= Beginning of Section =

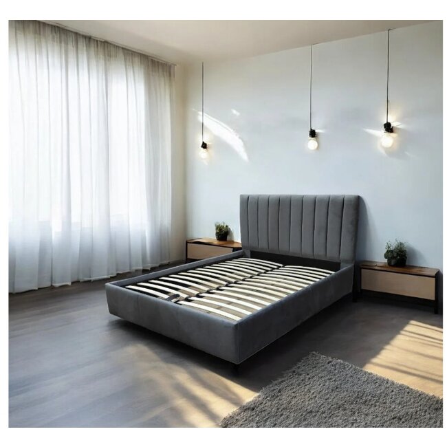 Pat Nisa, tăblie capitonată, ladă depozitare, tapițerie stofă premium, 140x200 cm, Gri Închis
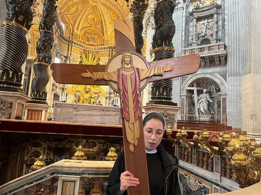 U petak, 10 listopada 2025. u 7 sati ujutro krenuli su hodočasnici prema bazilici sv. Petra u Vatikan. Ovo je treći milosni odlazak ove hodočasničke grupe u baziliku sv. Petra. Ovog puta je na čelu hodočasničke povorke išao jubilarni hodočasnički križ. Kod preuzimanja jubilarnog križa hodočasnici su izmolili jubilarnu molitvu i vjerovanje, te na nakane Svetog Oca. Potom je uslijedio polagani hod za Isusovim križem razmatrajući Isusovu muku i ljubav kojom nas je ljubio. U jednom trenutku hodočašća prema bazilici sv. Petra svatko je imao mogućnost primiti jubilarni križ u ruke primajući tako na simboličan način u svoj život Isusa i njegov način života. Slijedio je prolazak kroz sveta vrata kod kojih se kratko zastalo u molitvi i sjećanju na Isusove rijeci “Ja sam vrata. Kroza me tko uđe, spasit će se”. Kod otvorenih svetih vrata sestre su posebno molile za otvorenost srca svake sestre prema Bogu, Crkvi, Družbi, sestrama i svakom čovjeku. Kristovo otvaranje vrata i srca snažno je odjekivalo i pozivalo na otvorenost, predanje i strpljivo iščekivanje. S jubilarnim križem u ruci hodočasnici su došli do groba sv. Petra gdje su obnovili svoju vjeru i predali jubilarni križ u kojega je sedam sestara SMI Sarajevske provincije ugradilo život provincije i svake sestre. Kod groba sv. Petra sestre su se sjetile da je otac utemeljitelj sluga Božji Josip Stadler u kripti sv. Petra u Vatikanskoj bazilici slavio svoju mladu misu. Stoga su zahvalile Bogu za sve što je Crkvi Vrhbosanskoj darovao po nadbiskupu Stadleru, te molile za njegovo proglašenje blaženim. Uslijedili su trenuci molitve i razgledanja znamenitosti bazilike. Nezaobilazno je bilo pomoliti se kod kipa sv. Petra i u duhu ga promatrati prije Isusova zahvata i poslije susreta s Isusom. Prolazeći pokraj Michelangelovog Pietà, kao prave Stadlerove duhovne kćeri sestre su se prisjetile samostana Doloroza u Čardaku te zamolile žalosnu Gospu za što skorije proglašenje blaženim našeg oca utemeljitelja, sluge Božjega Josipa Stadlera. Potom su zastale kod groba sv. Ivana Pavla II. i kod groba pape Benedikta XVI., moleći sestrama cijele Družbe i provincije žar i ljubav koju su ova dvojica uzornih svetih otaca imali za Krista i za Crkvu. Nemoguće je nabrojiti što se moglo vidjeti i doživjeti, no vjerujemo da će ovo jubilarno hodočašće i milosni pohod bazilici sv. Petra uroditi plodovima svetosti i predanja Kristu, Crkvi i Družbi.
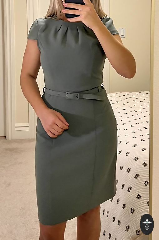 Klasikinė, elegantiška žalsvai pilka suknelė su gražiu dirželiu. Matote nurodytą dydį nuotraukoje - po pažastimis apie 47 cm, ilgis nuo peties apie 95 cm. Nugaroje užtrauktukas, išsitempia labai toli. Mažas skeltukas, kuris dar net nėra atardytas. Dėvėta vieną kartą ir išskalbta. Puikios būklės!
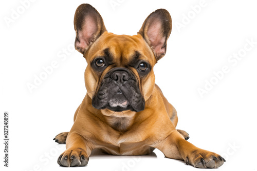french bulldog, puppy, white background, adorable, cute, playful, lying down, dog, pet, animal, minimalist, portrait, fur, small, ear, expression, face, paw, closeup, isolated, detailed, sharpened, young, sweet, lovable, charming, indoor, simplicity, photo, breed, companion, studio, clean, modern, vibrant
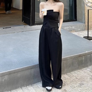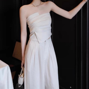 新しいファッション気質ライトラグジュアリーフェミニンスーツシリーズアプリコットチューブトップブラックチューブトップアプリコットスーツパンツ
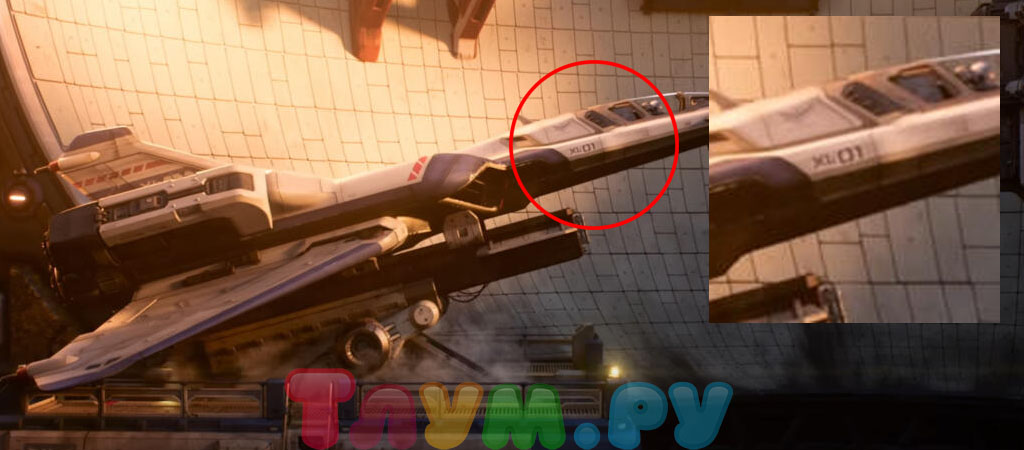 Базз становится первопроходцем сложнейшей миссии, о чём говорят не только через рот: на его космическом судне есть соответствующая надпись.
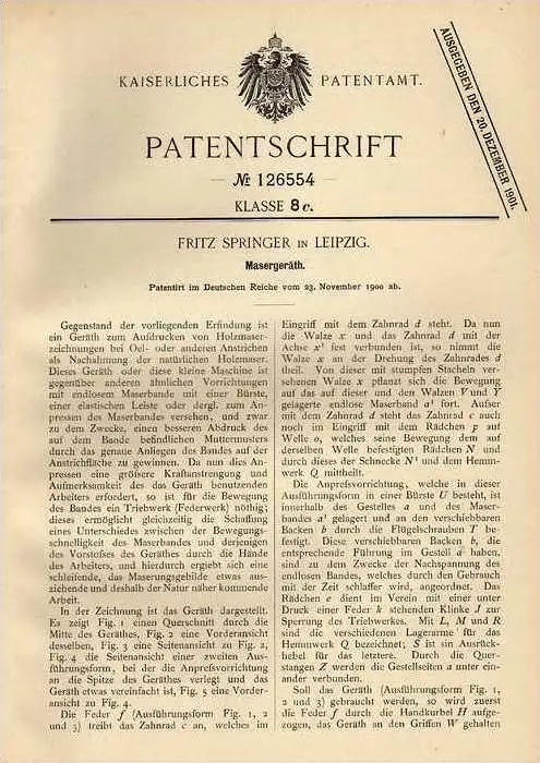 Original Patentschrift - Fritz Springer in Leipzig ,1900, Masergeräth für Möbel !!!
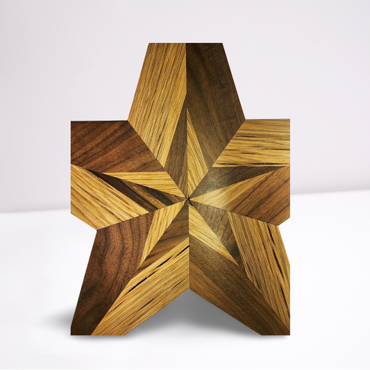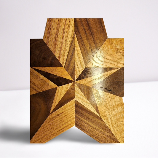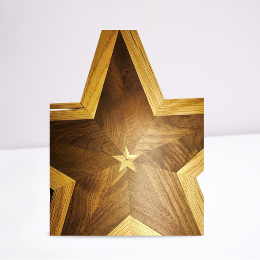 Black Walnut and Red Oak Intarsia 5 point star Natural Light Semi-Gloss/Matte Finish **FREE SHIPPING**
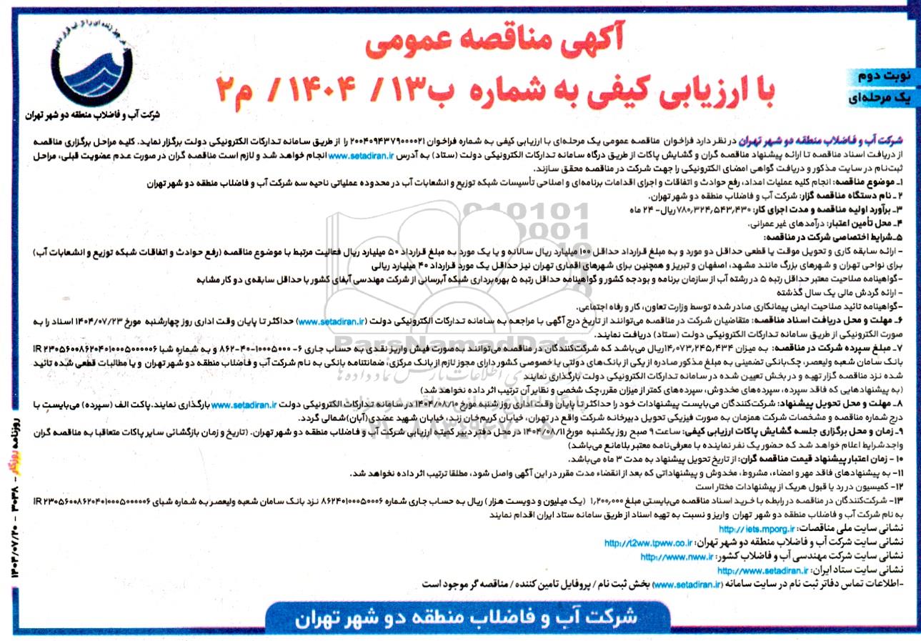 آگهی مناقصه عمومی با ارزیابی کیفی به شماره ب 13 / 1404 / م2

= End of Section =

BRIEF: From the records above, write out exactly the lines that begin at the line with "french bulldog, puppy, white" and end at the line with "Базз становится первопроходцем". Pictures must not appear in the output.

OUTPUT OF THE EXERCISE:
french bulldog, puppy, white background, adorable, cute, playful, lying down, dog, pet, animal, minimalist, portrait, fur, small, ear, expression, face, paw, closeup, isolated, detailed, sharpened, young, sweet, lovable, charming, indoor, simplicity, photo, breed, companion, studio, clean, modern, vibrant
 新しいファッション気質ライトラグジュアリーフェミニンスーツシリーズアプリコットチューブトップブラックチューブトップアプリコットスーツパンツ
 Базз становится первопроходцем сложнейшей миссии, о чём говорят не только через рот: на его космическом судне есть соответствующая надпись.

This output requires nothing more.